Segment Open

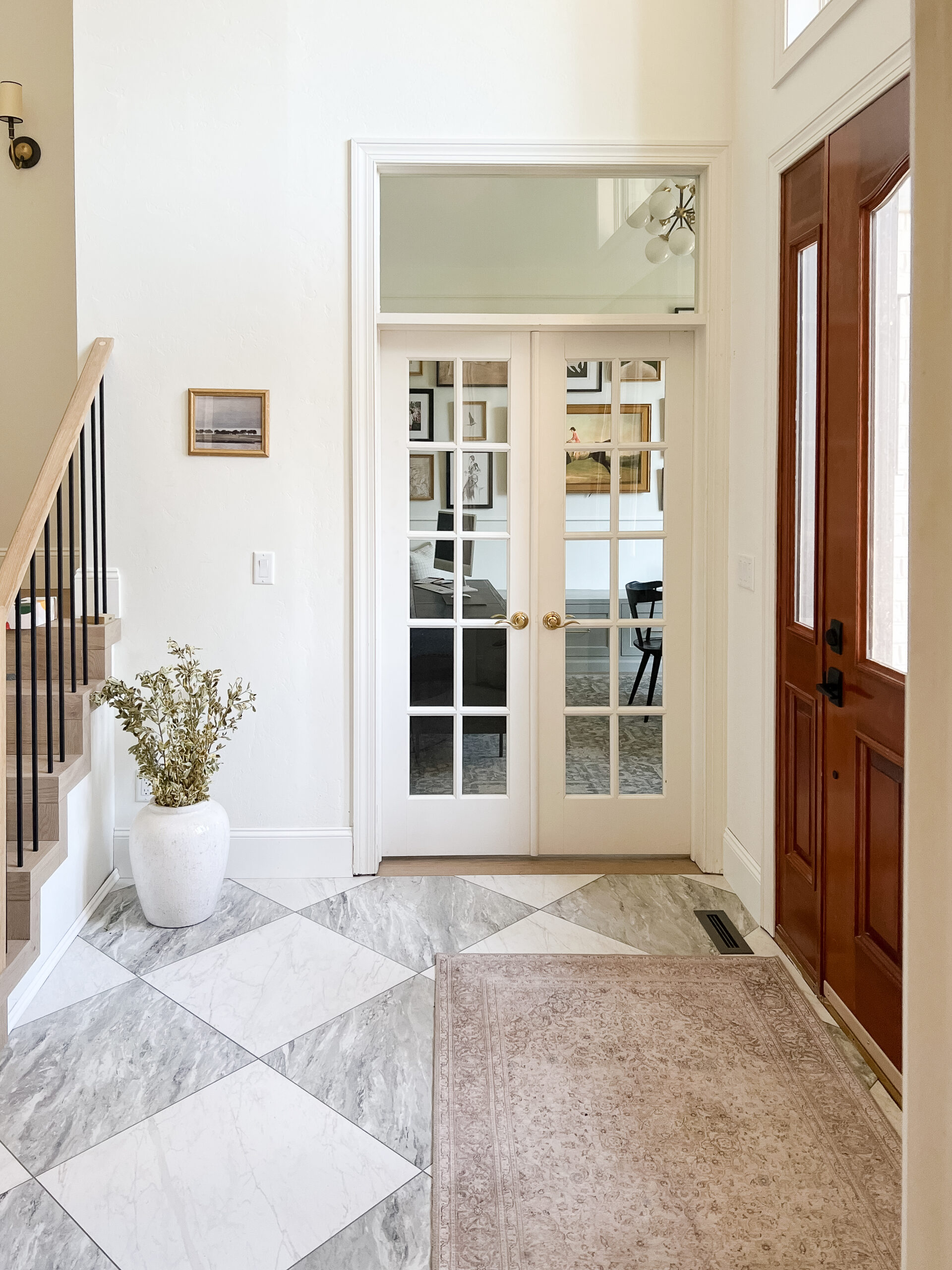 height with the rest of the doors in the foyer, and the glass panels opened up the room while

Segment Closed
Segment Open

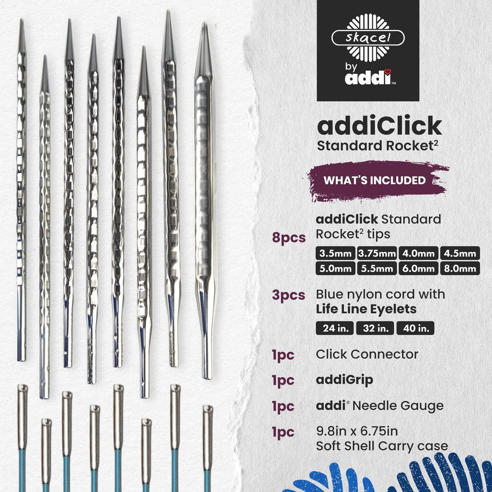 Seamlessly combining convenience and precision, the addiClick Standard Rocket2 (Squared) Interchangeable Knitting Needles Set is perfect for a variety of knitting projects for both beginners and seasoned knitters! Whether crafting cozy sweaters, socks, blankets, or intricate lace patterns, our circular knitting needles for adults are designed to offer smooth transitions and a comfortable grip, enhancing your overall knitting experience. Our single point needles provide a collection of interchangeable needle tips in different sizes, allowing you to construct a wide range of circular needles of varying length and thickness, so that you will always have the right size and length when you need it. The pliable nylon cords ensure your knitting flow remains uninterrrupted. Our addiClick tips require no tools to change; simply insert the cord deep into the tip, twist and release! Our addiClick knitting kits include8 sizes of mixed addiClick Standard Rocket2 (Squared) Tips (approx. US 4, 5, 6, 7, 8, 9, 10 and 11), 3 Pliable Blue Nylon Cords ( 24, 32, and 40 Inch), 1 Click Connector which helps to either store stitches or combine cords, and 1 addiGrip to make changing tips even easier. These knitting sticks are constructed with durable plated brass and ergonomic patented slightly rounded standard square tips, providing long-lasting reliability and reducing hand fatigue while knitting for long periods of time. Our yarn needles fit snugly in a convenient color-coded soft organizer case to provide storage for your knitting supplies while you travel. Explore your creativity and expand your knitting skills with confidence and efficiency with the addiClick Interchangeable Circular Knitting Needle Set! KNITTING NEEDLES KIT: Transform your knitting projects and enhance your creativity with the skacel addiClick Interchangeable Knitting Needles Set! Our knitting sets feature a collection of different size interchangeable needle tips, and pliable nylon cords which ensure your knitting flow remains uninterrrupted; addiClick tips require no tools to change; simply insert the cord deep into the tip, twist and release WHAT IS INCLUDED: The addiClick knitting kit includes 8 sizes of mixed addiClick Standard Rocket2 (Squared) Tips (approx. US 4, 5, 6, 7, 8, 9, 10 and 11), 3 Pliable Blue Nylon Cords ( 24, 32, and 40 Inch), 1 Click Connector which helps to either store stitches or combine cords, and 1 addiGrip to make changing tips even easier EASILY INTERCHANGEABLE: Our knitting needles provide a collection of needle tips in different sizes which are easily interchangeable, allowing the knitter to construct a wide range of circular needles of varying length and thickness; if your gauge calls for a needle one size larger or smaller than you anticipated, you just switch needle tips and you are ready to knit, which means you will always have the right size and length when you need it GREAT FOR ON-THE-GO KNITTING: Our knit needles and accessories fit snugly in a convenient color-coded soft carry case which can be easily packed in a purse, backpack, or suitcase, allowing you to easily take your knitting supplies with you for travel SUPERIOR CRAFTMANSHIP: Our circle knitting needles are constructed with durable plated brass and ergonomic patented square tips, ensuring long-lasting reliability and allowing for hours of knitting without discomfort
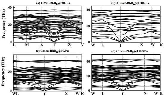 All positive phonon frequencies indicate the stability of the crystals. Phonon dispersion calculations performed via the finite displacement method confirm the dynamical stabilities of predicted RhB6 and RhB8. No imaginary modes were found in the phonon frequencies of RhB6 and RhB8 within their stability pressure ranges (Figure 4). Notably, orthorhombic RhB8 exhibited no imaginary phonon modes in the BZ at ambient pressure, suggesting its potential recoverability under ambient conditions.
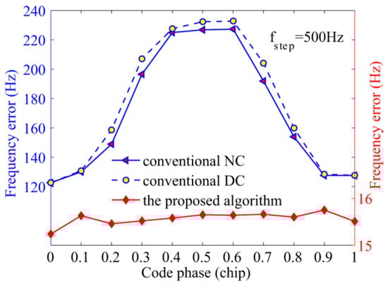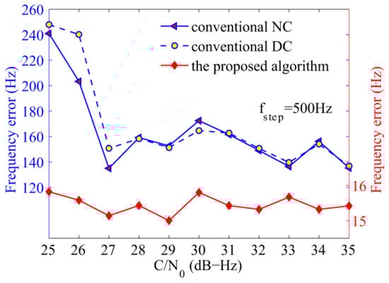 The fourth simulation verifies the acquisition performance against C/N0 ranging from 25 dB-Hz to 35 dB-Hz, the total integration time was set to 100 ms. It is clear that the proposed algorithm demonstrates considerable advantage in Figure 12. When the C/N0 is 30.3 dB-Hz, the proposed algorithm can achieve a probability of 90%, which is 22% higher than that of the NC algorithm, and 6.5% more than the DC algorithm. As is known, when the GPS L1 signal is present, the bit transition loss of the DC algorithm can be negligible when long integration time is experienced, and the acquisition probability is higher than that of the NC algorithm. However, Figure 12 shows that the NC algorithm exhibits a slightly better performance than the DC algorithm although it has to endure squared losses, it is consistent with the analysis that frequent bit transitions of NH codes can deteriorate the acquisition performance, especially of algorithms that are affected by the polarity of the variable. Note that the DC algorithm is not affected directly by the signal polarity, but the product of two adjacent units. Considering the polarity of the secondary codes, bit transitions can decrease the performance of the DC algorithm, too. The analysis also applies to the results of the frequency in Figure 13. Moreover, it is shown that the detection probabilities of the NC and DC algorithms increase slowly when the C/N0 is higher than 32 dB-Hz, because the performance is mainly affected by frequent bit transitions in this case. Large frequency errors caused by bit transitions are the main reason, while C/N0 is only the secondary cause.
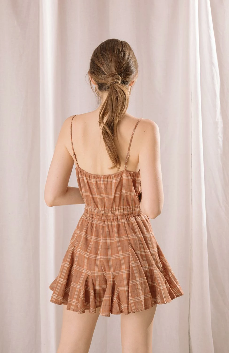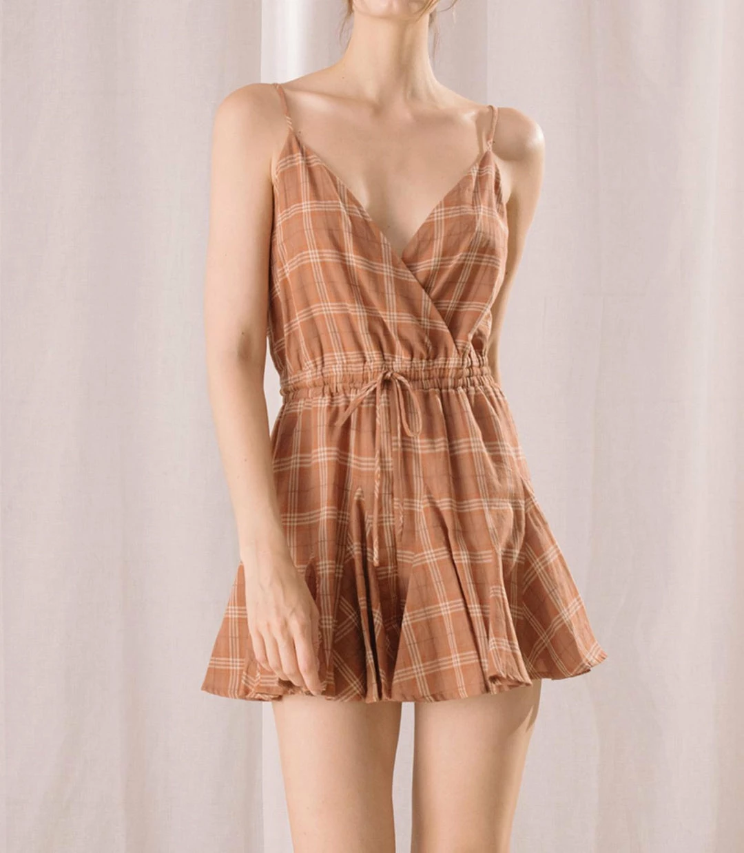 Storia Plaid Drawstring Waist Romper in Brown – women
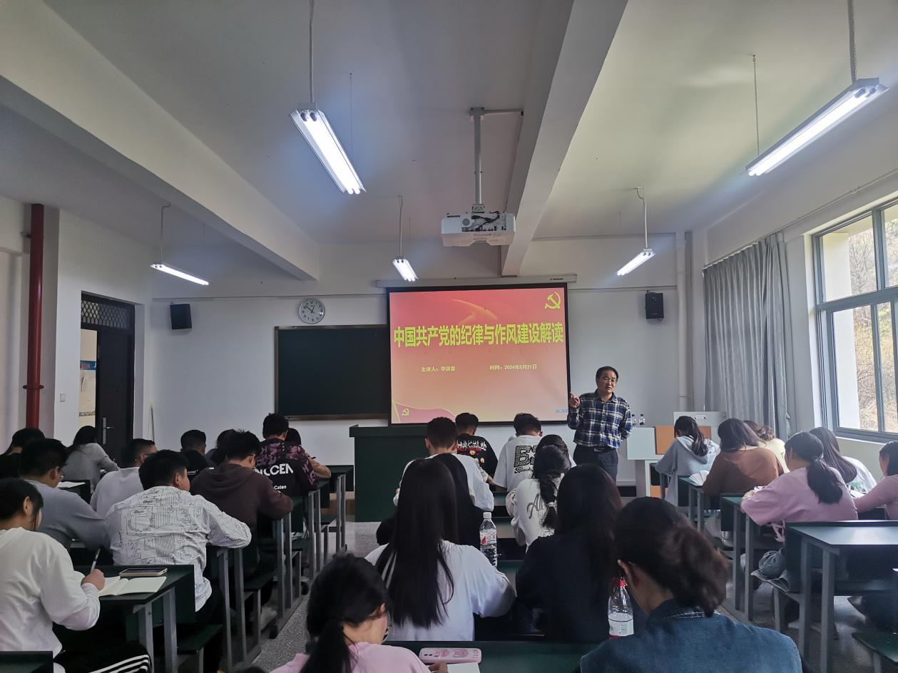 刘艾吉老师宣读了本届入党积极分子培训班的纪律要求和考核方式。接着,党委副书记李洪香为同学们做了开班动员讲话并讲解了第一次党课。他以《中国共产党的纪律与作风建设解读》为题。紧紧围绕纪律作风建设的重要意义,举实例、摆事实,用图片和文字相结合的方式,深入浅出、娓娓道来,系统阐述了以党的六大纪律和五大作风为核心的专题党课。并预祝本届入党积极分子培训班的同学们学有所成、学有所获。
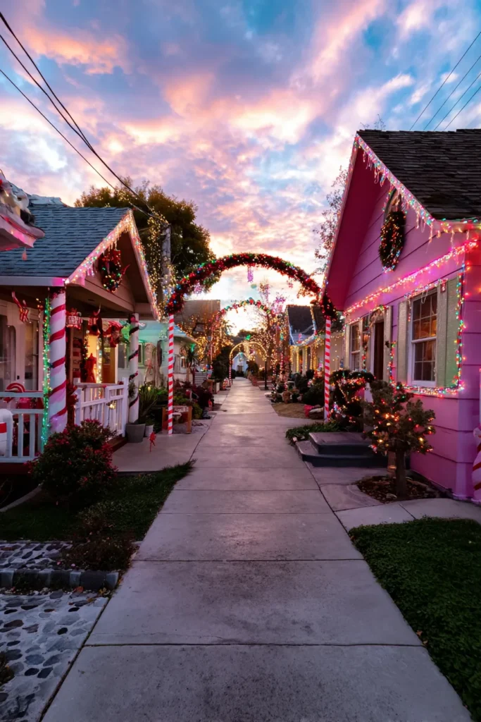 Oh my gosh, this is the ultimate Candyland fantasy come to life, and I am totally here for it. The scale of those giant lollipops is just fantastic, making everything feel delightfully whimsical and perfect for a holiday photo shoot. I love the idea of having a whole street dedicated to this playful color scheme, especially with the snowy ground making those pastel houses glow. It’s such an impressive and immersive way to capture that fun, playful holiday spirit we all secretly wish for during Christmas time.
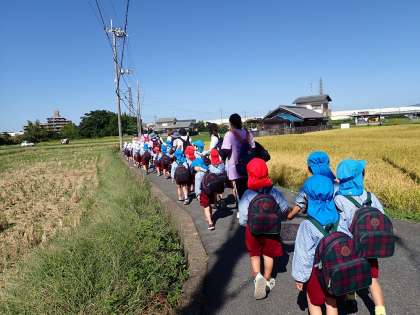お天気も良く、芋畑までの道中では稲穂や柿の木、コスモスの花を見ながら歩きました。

Segment Closed

» What the task asks
Using the data above, which lines fall from the one with "刘艾吉老师宣读了本届入党积极" through the one with "お天気も良く、芋畑までの道中では稲穂や柿の木、コスモスの花を見ながら歩きました。"? Repeat them exactly, ends included, minus any pictures.

» Solution to the exercise
 刘艾吉老师宣读了本届入党积极分子培训班的纪律要求和考核方式。接着,党委副书记李洪香为同学们做了开班动员讲话并讲解了第一次党课。他以《中国共产党的纪律与作风建设解读》为题。紧紧围绕纪律作风建设的重要意义,举实例、摆事实,用图片和文字相结合的方式,深入浅出、娓娓道来,系统阐述了以党的六大纪律和五大作风为核心的专题党课。并预祝本届入党积极分子培训班的同学们学有所成、学有所获。
 Oh my gosh, this is the ultimate Candyland fantasy come to life, and I am totally here for it. The scale of those giant lollipops is just fantastic, making everything feel delightfully whimsical and perfect for a holiday photo shoot. I love the idea of having a whole street dedicated to this playful color scheme, especially with the snowy ground making those pastel houses glow. It’s such an impressive and immersive way to capture that fun, playful holiday spirit we all secretly wish for during Christmas time.
お天気も良く、芋畑までの道中では稲穂や柿の木、コスモスの花を見ながら歩きました。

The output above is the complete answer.